Database Integration: Criteria and Techniques
By Tom Lonski and Tom Helmer, Convergent Group
As the previous article on page 16 suggests, to gain a competitive edge, utilities must fully realize the benefits of their various information systems by making critical information available throughout the company. In practical terms, “sharing information” between systems means integrating databases. Some computer systems at a utility that may be integrated with other systems include GIS, customer information system, materials management system, planned maintenance system, computer-aided dispatch, one call, human resources information system, outage management system, work management system, property accounting, SCADA, engineering analysis/system planning, accounts payable, non-utility billing, Internet or Intranet web server, and land management systems.
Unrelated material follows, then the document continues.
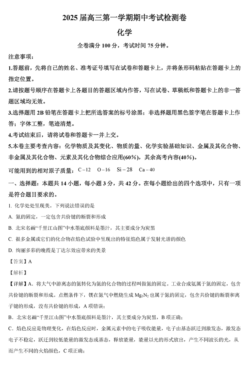 陕西十七校联考2025届高三上学期11月期中化学考试已于近日开考,为方便考生考后及时查看考试情况,查漏补缺、弥补不足,本文整理了试题答案解析相关信息!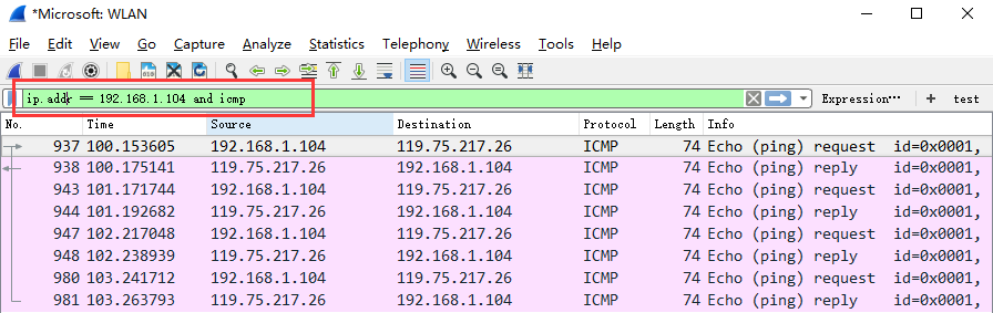 过滤多个条件组合时,使用and/or。比如获取IP地址为192.168.1.104的ICMP数据包表达式为ip.addr == 192.168.1.104 and icmp

A first step to database integration problem resolution is to survey the available integration products. Once all of the possible solutions have been identified, they can then be compared and the best solution chosen. However, this bottom-up approach does not usually work well. Typically numerous products are available to integrate databases and this approach can turn into a prolonged research. Another drawback to this approach is that integration products frequently use different database standards and different network protocols. Most computer science advocates prefer a top-down approach.
In the course of wrestling with integration problems on a number of projects, Convergent Group has defined 10 general integration criteria to help focus on the functionality required in the database integration and six general integration techniques that can be used to classify the possible integration solutions. Using these criteria and techniques provides a top-down approach to the integration problems. By focusing on the integration functionality, planning and designing a solution is simplified.
The integration criteria that the Convergent Group has identified are data currency, performance, cost, encapsulation, data synthesis, data access, administration, side effects, data integrity and scalability.
The data currency criterion focuses on how “fresh” the data from a source database is in a target database. Depending on the integration technique, there can be time delays in making the data in one database (the source) available to users and applications of another database (the target).
The performance criterion focuses on the integration technique`s execution speed.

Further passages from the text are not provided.